News

Shutterstock

Dads Want Fewer Kids After Getting Paid Paternity Leave, Study Finds

Updated: 
Originally Published: 

As crappy as the maternity leave situation is in the U.S., paternity leave is even worse — meaning it's nearly non-existent. Sure, there's FMLA. But new parents of either gender still aren't guaranteed any paid leave following the birth or adoption of a child. Which is pretty messed up, considering we're literally the only other industrialized nation that that doesn't. Over in Spain, for example, fathers started getting paid paternity leave 12 years ago. And as it turns out, dads want fewer kids after getting paid paternity leave.

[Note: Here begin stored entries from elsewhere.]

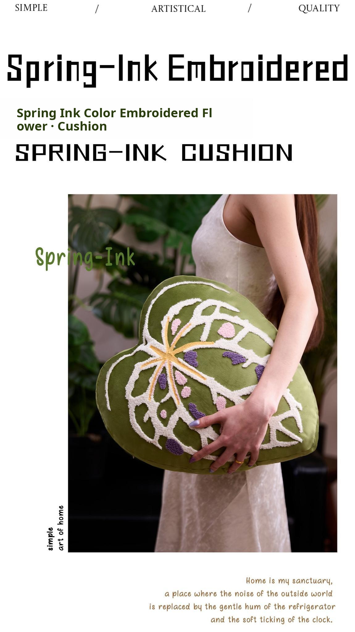 Spring ink embroidered pillow(10.24in*25.59in with Core)
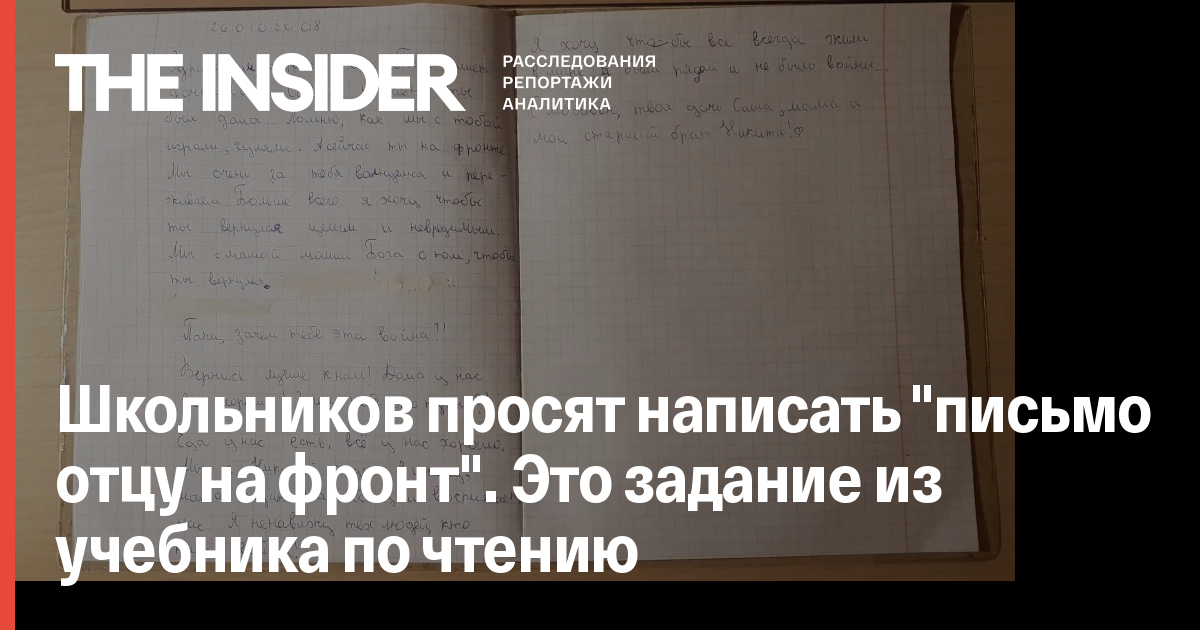 В Санкт-Петербурге ученикам четвертого класса задали домашнее задание — написать письмо отцу на фронт. Об этом рассказала научный сотрудник Российского института истории искусств Ольга Федорченко. Такое задание получила ее дочь, которая учится в 4 классе.
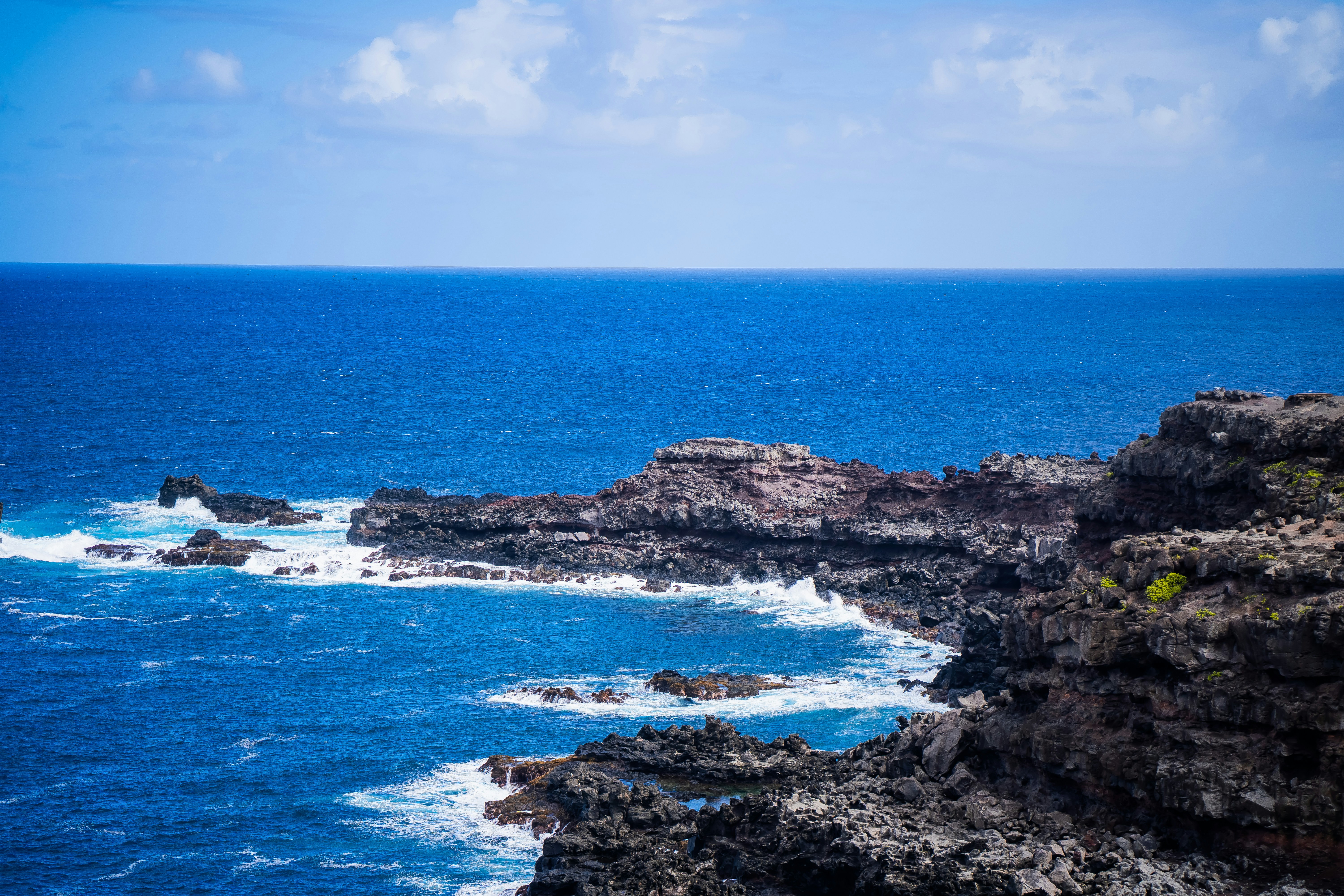 Gray Beach Cliff Viewing Blue Sea Under White And Blue Sky Photo
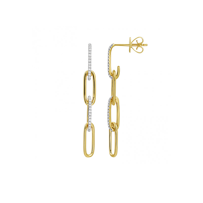 14K yellow gold Paperclip Drop Earrings containing 0.13tcw pave diamonds. Priced as pair.
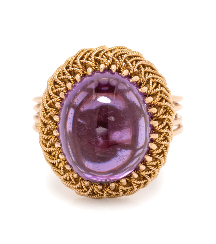A Yellow Gold and Glass Ring,
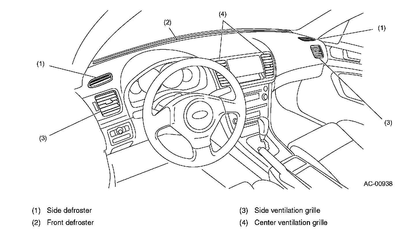 - There are four ventilation grilles in the dashboard; two large size grilles at the center and a side grille at each side. To improve the defrosting performance, air is always sent out from the side grilles.
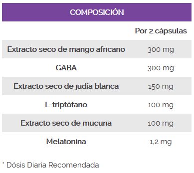 Extracto seco de mango africano (Irvingia gabonensis Aubry-le Comte ex O´Rorke), ácido gamma-aminobutírico (GABA), extracto seco de judía blanca (Phaseolus vulgaris L.), L triptófano, extracto seco de mucuna (Mucuna pruriens L), melatonina y antiaglomerante (estearato de magnesio vegetal).
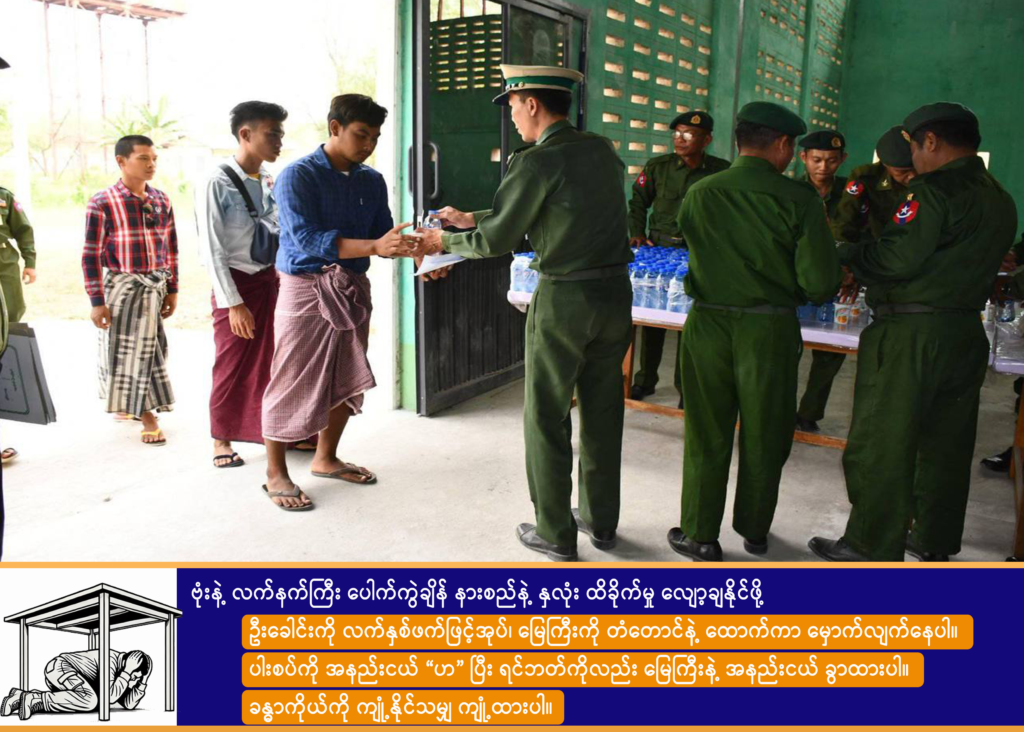 စစ်အုပ်စုဟာ ပေါ်တာဆွဲ ဖမ်းဆီးလို့ရသမျှ လူငယ်တွေထဲက ငွေနဲ့လာရွေးထုတ်သူကို ပြန်လွှတ်ပေးကာ ငွေမပေးနိုင်သူကို ရက်တို စစ်သင်တန်းတက်ခိုင်းပြီးနောက် တိုက်ပွဲဖြစ်တဲ့ နေရာတွေဆီပို့လွှတ်ကာ အသေခံ စစ်သားအဖြစ် အသုံးချနေတာ ဖြစ်ပါတယ်။
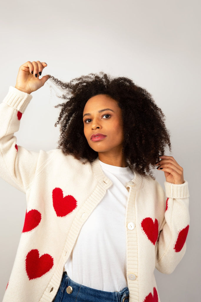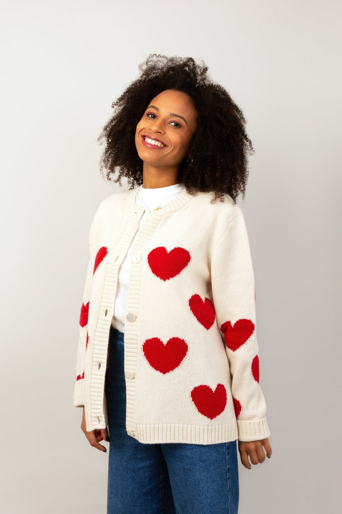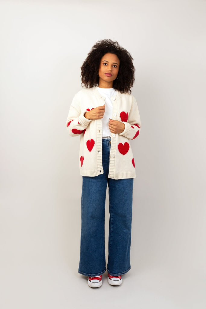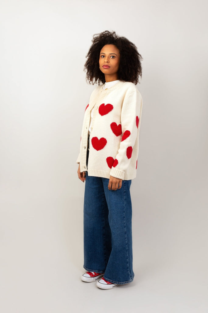 Cardigan CHARLOTTE Ecru Jacquards Coeurs
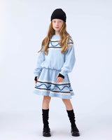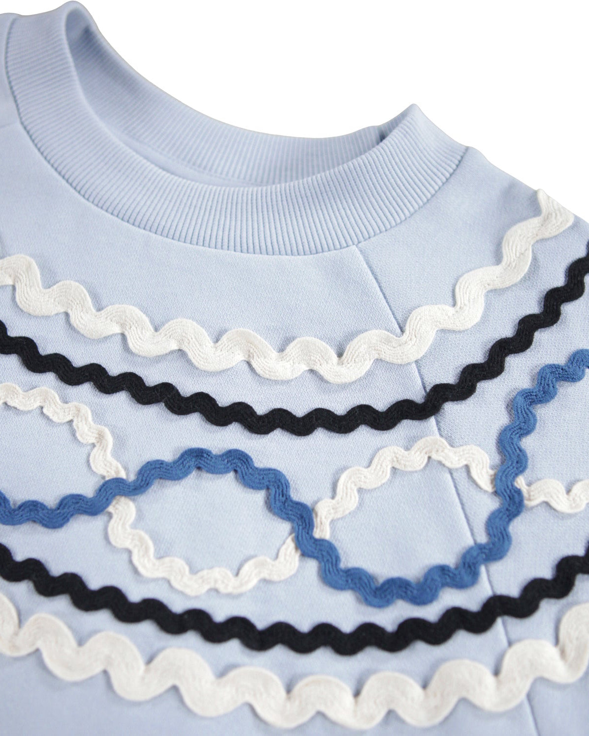 Light blue sweatshirt made of organic cotton with a colourful pattern of sewn-on ribbons. This sweatshirt has a round neck, raglan sleeves, and ribbed edges around the sleeves and bottom.Light blue skirt made of organic cotton with a pattern of colored appliquéd ribbons. The skirt has an elastic waistband to make it easy to put on and comfortable to wear. It has a rounded cut which falls nicely to mid-thigh.
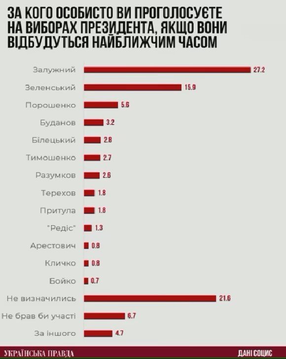 За Валерія Залужного готові проголосувати понад 27%, а за Петра Порошенка — 5,5%.
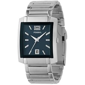 Quartz movement, Dress watch, Silver-tone hands and indices, Silver-tone 12 o'clock, Analog date display, Blue crystal bezel, Brushed stainless steel bezel edge, Polished stainless steel crown and caseback, 50 meters/165 feet water resistant
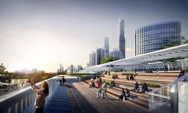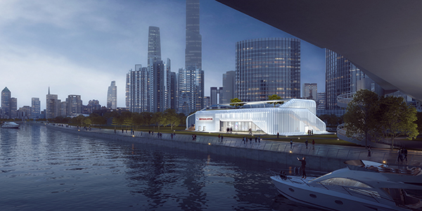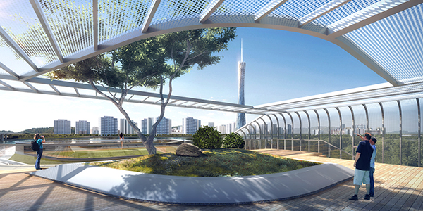 設(shè)計團隊秉承 “提高城市設(shè)計水平,增強公共參與城市建設(shè)新路徑”的設(shè)計理念,在充分考慮社會性景觀訴求因素的前提下,結(jié)合傳統(tǒng)美學(xué),以層層退臺的建筑形式面朝珠江,結(jié)合城市景觀特色形成北高南低的建筑姿態(tài),增強建筑物立體感,使建筑物融入周圍景觀呼應(yīng)珠江景色。
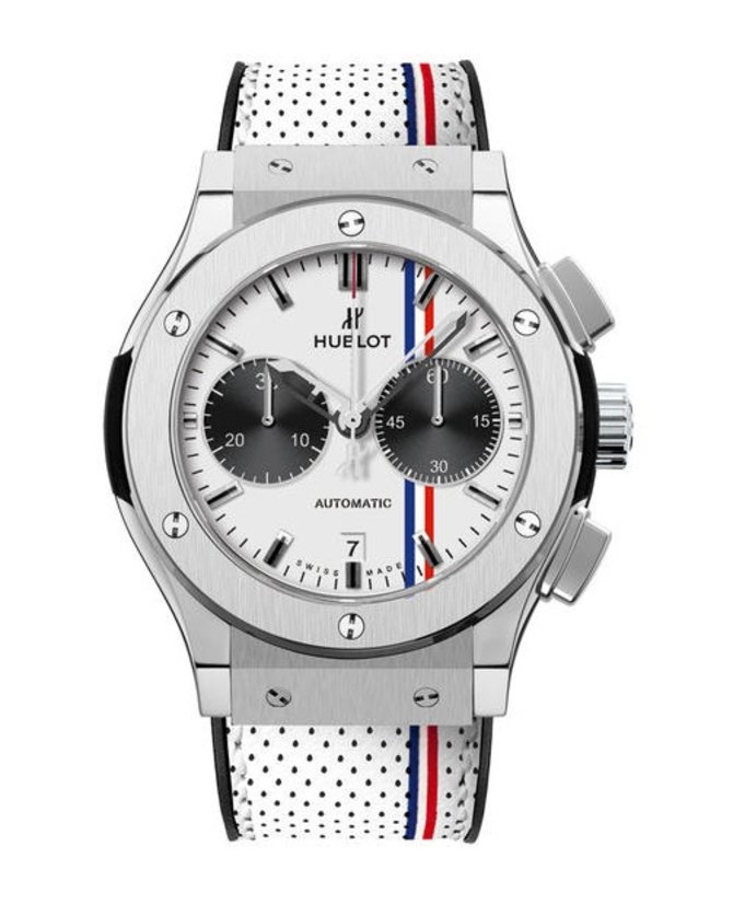 Многофункциональные швейцарские наручные часы, выпущенные в 2013 году швейцарской часовой мануфактурой Hublot в честь самых престижных гонок коллекционных автомобилей в Европе, функционируют на швейцарском мануфактурном калибре от Hublot с автоподзаводом и функцией хронографа, который отмечен официальным сертификатом хронометра COSC (швейцарский институт хронометрии). На белом циферблате при помощи стрелок, индексов и меток из титана, указываются часы, минуты, секунды, дата и данные хронографа. Корпус, диаметром 45 миллиметров, изготовлен из титана. Циферблат покрыт натуральным сапфировым стеклом. Герметичность корпуса - 50 метров (5 атм.). Модель Chronograph Tour Auto укомплектована кожаным ремешком с каучуковой подкладкой и стальной пряжкой. Лимитированный тираж - 100 экземпляров!
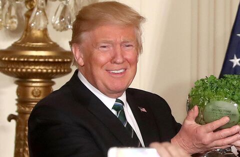 US President Donald Trump holds a bowl of Shamrock. Pic: Niall Carson/PA Wire
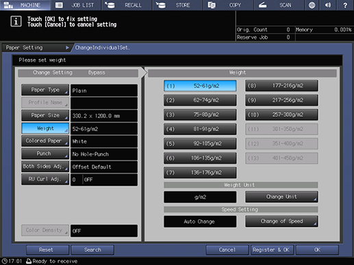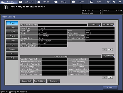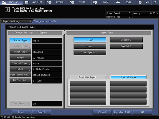 Select [Bypass] on the [Paper Setting] screen, and press [Change Set].
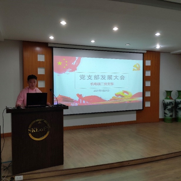 2021年3月21日晚19:00,机电硕二党支部于液压老楼四楼会议室举行了党支部党员发展大会,会议主要讨论支部杨宇柱同志、王智聪同志两位发展对象的发展入党事宜。本次会议由支部书记戴宇佳同志主持,共有18名党员参加本次会议。
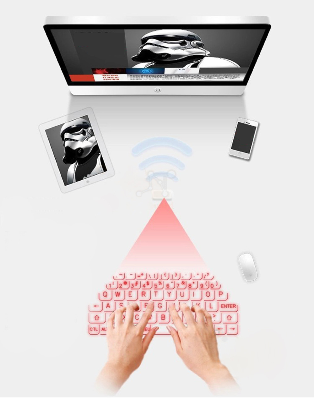 Мы живем во времена, когда самые футуристические технологии из фантастических фильмов начинают воплощаться в жизнь. Все мы не раз видели на экранах телевизоров голографические изображения и элементы управления. И они перестали быть фантастикой. Лазерная клавиатура AGS может удивить даже заядлого любителя новинок в мире гаджетов. Устройство имеет небольшие размеры и массу всего 60 г. Оно проецирует полностью виртуальную клавиатуру на любую поверхность и совместимо с любым гаджетом – будь то смартфон, ноутбук или планшет. Поддерживаются ОС Windows, Android и конечно же iOS. Подключение происходит посредством Bluetooth 3.0. Помимо стандартной клавиатуры AGS Wireless Laser Projection Bluetooth Virtual Keyboard способна выполнять и роль мыши. Почувствуйте себя в мире будущего уже сегодня с этим необычным устройством.

As Quartz reported, Spain introduced paid paternity leave back in 2007. Although this started off as two weeks of fully paid leave, new dads were given five weeks of paid leave in 2018. Economists have been tracking the effects of the paid paternity leave policy since its inception. What they found was an unexpected shift: Families that were eligible for paternity leave were less likely to have kids in the future. The question, though, is why.

A new study published in the Journal of Public Economics by economists from the University of Barcelona and the University of Pompeu Fabra discovered this trend. They found that, two years later, parents who were eligible for the paternity leave program were 7-15-percent less likely to have another child than parents who had just missed the eligibility cutoff. While the difference wasn't as great as time went on, even six years later, parents who had been eligible for the leave were still less likely to have a child again.

Shutterstock

A positive takeaway from Spain's paternity leave policy was that dads took a more active role in childcare. This, in turn, led to higher labor force attachment among mothers. (Which are both good outcomes, if you ask me.) But apparently, the new policy also resulted in an increased awareness for dads of the costs of raising kids — as well as a "shift in preferences from child quantity to quality," according to the economists.

So basically, those few weeks of paternity leave were enough to open up dads' eyes to the fact that childrearing is, A) No walk in the park, and B) Expensive AF. Although it's impossible to determine each father's individual reasoning behind wanting fewer children, these conclusions make a lot of sense to me. It's worth noting, too, that a global financial crisis affected Spain roughly one year into the new paternity leave program, according to Quartz. Which could very well play a role in a family's choice to add more kids or not.

Of course, this is Spain we're talking about — and the country already had a few unique circumstances going on before the paternity leave began. “There are a couple of reasons that I’d be hesitant to believe that these same impacts would apply elsewhere,” David Evans, an economist at the Center for Global Development, told Quartz. “In Spain, almost no men were taking paternity leave before the policy, and that jumped to more than half of men after the reform. At the same time, men in Spain wanted more children than women did. That wasn’t the case in a number of other European countries.”

Meanwhile, there is still no guarantee of paid maternity or paternity leave here in the U.S.. Nothing. Although the Family & Medical Leave Act of 1993 (FMLA) offers up to 12 weeks of unpaid leave for some employees under certain circumstances, whether or not an employer pays new parents a dime is completely up to that company. Which means new moms are often returning to work way before their bodies have a chance to heal or they have an opportunity to bond with their babies — out of sheer necessity.

I have a feeling paid paternity leave in the U.S. probably wouldn't have the same effect as it did in Spain when it comes to the number of children dads want. But who really knows unless we give it a try? Let's get some legislation rolling, folks!